STARC: A General Framework For Quantifying Differences Between Reward Functions

In order to solve a task using reinforcement learning, it is necessary to first formalise the goal of that task as a reward function. However, for many real-world tasks, it is very difficult to manually specify a reward function that never incentivises undesirable behaviour. As a result, it is increasingly popular to use reward learning algorithms, which attempt to learn a reward function from data. However, the theoretical foundations of reward learning are not yet well-developed. In particular, it is typically not known when a given reward learning algorithm with high probability will learn a reward function that is safe to optimise. This means that reward learning algorithms generally must be evaluated empirically, which is expensive, and that their failure modes are difficult to predict in advance. One of the roadblocks to deriving better theoretical guarantees is the lack of good methods for quantifying the difference between reward functions.
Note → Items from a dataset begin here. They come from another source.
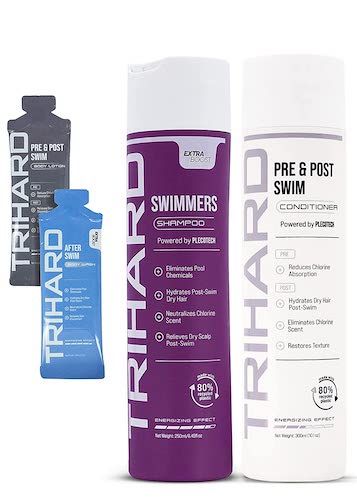 If you're an aquatic athlete, whether you're a daily swimmer or a frequent water sports enthusiast, TRIHARD Swimmers Shampoo Extra Boost + Pre & Post Swim Conditioner is the perfect solution for your hair and chlorine problems. This specially formulated shampoo and conditioner duo provides deep hydration to dry hair, neutralizes pool chemicals, and soothes and repairs dry scalp and texture.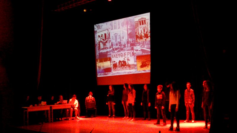 Οι μαθητές του Γυμνασίου της Μύρινας τίμησαν τη μνήμη των πεσόντων του Πολυτεχνείου με μια εκδήλωση που περιελάμβανε θεατρικό δρώμενο από το βιβλίο της Κωστούλας Μητροπούλου "Το χρονικό των τριών ημερών".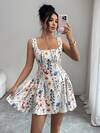 Selianne Romantic French Style Colorful Floral Square Neck Camisole Dress, Sweet & Age-Reducing High Waist A-Line Dress, Summer Waist Cinched Floral Beach/Office Dress, Elegant & Sexy Ladies Summer Dress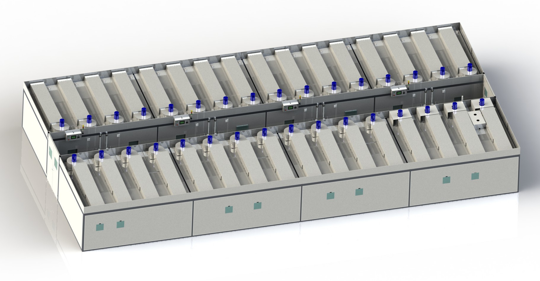 4)內(nèi)腔底部安裝有軌道及限位,供貨架車(chē)進(jìn)出。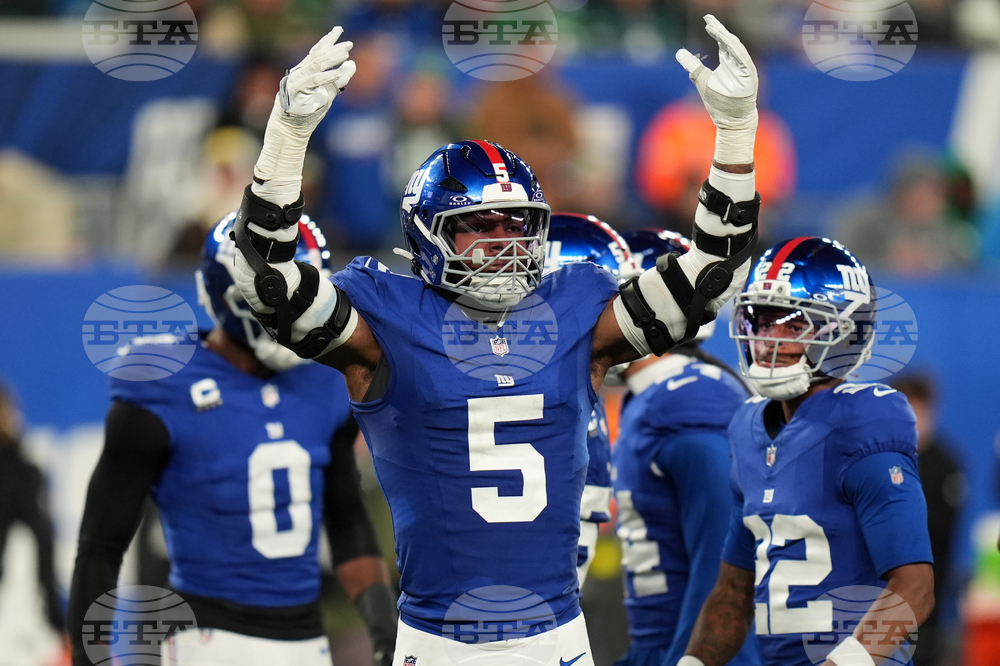 New York Giants' Rakeem Nunez-Roches reacts after a tackle during the first half of an NFL football game against the Philadelphia Eagles Thursday, Oct. 9, 2025, in East Rutherford, N.J. (AP Photo/Adam Hunger)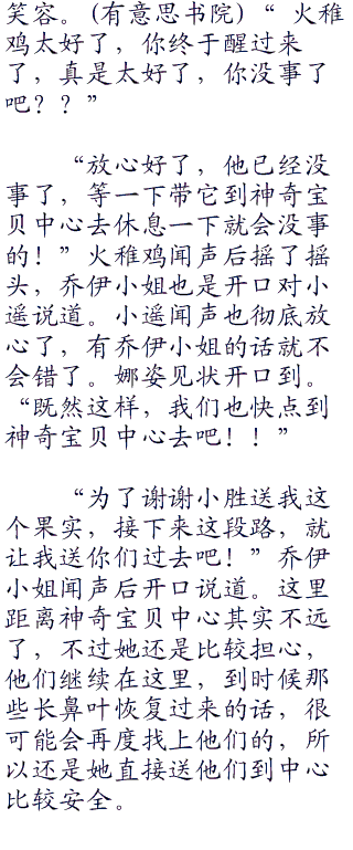 乔伊小姐的脸上满是担心的样子,看起来这个森林的状况确实很糟糕,毕竟森林很大,一时间是走不出去的,所以很多过路的旅行者都要再神奇宝贝中心休息,而它们的神奇宝贝,有时候被这里的长鼻叶攻击受伤,药物不够的话,长期下来没办法给受伤的神奇宝贝治疗的。

In this paper we provide a solution to this problem, in the form of a class of pseudometrics on the space of all reward functions that we call STARC (STAndardised Reward Comparison) metrics. We show that STARC metrics induce both an upper and a lower bound on worst-case regret, which implies that our metrics are tight, and that any metric with the same properties must be bilipschitz equivalent to ours. Moreover, we also identify a number of issues with reward metrics proposed by earlier works. Finally, we evaluate our metrics empirically, to demonstrate their practical efficacy. STARC metrics can be used to make both theoretical and empirical analysis of reward learning algorithms both easier and more principled.

翻译：在强化学习中求解任务时，首先需要将任务的目标形式化为奖励函数。然而，对于许多现实任务而言，手动指定一个绝不会激励不良行为的奖励函数非常困难。因此，奖励学习算法（试图从数据中学习奖励函数的方法）日益流行。但奖励学习的理论基础尚不完善：通常难以确定，给定奖励学习算法以高概率学习到的奖励函数是否安全可优化。这意味着奖励学习算法通常必须通过代价高昂的实证方法进行评估，且其失效模式难以提前预测。阻碍获得更优理论保证的障碍之一，是缺乏量化奖励函数差异的有效方法。本文提出了一类在全体奖励函数空间上的伪度量，称为STARC（标准化奖励比较）度量，以解决该问题。我们证明STARC度量既能诱导最坏情况遗憾的上界也能诱导其下界，这表明该度量具有紧致性，且任何具有相同性质的度量都必须与我们的度量双Lipschitz等价。此外，我们还发现了先前工作中提出的奖励度量存在的若干问题。最后，我们通过实证评估验证了STARC度量的实际有效性。STARC度量可使奖励学习算法的理论与实证分析更简单、更具原理性。